Make Maps That Get Value from Data
By Jim Herries, Esri Cartographic Product Engineer
This article as a PDF.
A great map unlocks value for the reader and makes data understandable by showing what the map's author intended to communicate. Maps are particularly good at unlocking valuable information that is otherwise buried in the data.
They are representations of the interpreted past, present reality, or predicted futures. When we look at a map, we are looking at a representation of reality, not reality itself. Our maps are a subjective view of reality based on data. There's bias in the data. There's bias in how the data was summarized. There's bias in how that data is expressed on the map. Even the colors and shapes on the map introduce additional bias. Whatever truth lies in the data can get lost in this noise, simply because we get intimidated by the subject matter or the software tools (or both). It does not need to be that way.
It's All about Presentation
One reasonable but not so useful reaction to all this potential bias is to "just publish the data" on the map. You can recognize these maps very easily.
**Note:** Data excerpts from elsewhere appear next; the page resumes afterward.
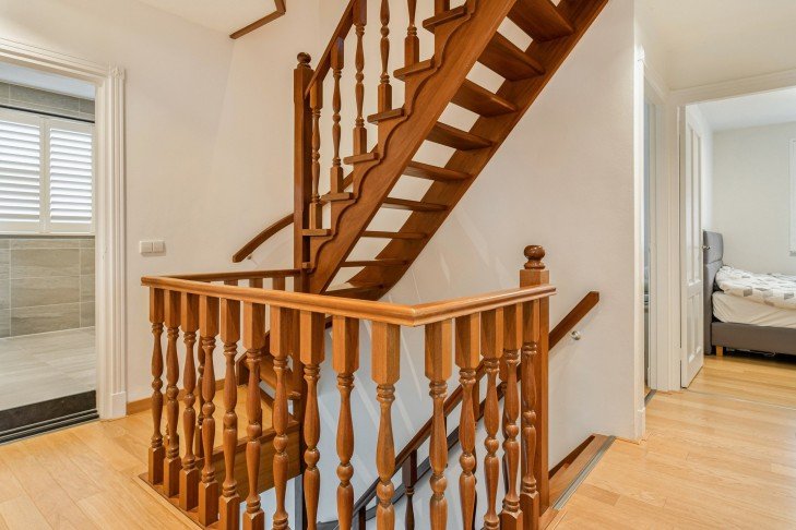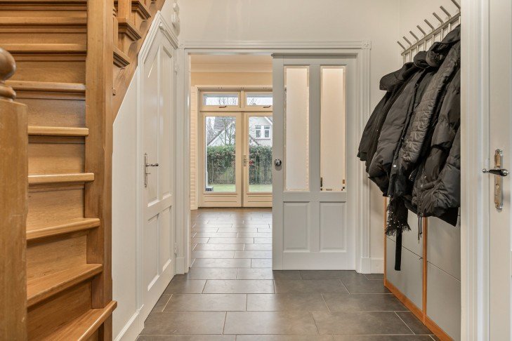 Upon entering, you’ll find a hallway with access to the cloakroom, toilet, basement, living room, and stairs to the first floor.
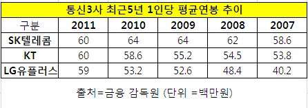 지난 2009년까지만 해도 통신3사중 SK텔레콤의 연봉이 KT나 LG유플러스보다 850만(KT대비)에서 1천140만원(LG유플러스 대비)까지 높기도 했으나 2010년 동결에 이어 작년 400만원 감소로 인해 3사의 연봉 격차는 이제 거의 사라져 버렸다.
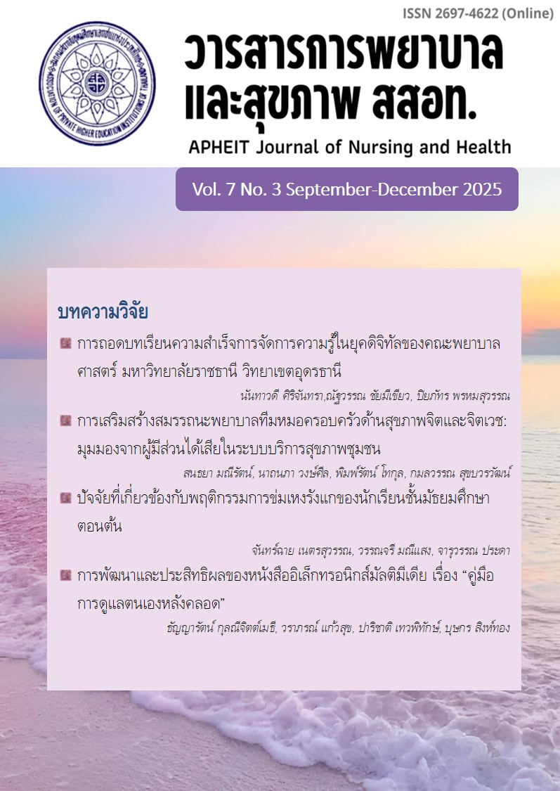 The finding revealed that the multimedia e- book entitled “Postpartum Self-Care guidebook” consisted of eight chapters and demonstrated an efficiency of 85.67/84.89, exceeding the established criteria of 80/80. Knowledge scores after learning through the multimedia e-book were significantly higher than those befor learning (p< .001). Overall satisfaction with the multimedia e-book (M = 4.45, S.D. = 0.26) and all subscales were at the highest level, with the design and presentation domain achieving the highest mean score (M = 4.60, SD = 0.37). The findings suggest that the multimedia e-book is effective in enhancing knowledge and can be utilized as a supplementary educational medium for providing health education to primiparous postpartum mothers.
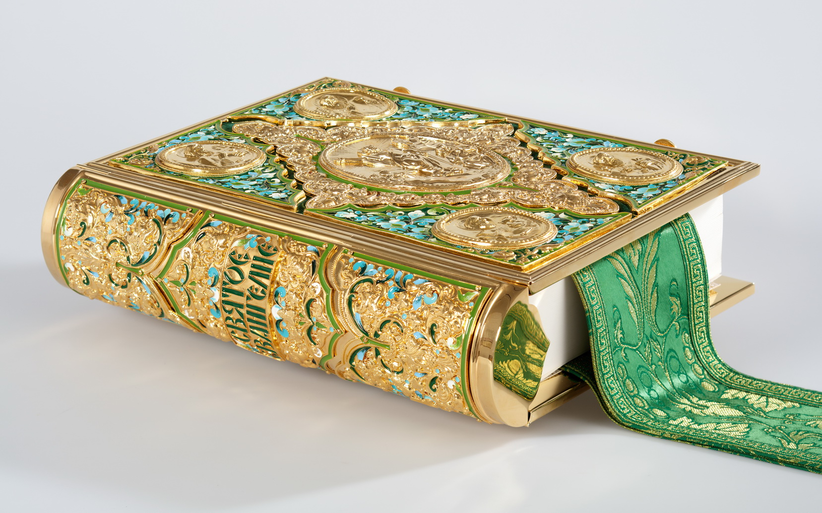 Евангелие 360*240 напрестольное №2 накладки золочение эмаль (с закладкой) зеленый {{variant.name}}
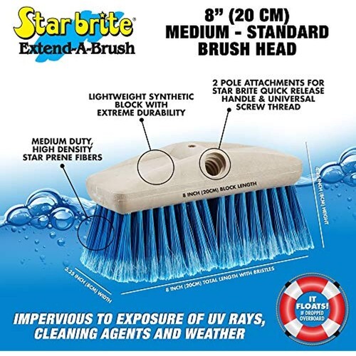 Star brite Extend-A-Brush heads are made with star prene, a lightweight polymer fiber that does not stain, discolor or become brittle. It resists most cleaning chemicals and withstands heat up to 200F. This space-age material will not Rot, mildew or absorb odors. Star brite poles are constructed with Aircraft grade, triple anodized aluminum for years of maintenance-free use.
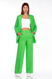 Костюм женский двухпредметный , прямого силуэта. Выполненный из умягченного льна высокого качества . Жакет однобортный , рукав втачной двухшовный со шлицей . Воротник стояче - отложной с отворотами лацканов. По переду жакета также функциональные карманы с клапанами . Жакет на хлопковой подкладке , по спинке жакета высокая шлица . Брюки прямого силуэта , верх брюк обработан притачным поясом. В верхней части брюк расположены карманы .

You look at them, you see some kind of pattern on the map, but you're not sure what you're looking at or how it relates to you.
Think of your map the way you think about your resumé. Viewed one way, a resumé is merely a collection of facts about you such as your name, address, phone, current position, past experience, education, and interests. The facts are one thing, but the presentation is everything. It's not just about how the resumé looks, it's about how it is organized. The successful resumé presents the facts in an attractive manner, made relevant to the reader by the context of the position being sought.
Great maps work the same way. They answer specific questions in a context understood by both the mapmaker and the audience. Who creates that shared context? You do. That's why dumping your data onto a map doesn't work: you haven't set the context or expectations on the reader as to what can be learned from that data.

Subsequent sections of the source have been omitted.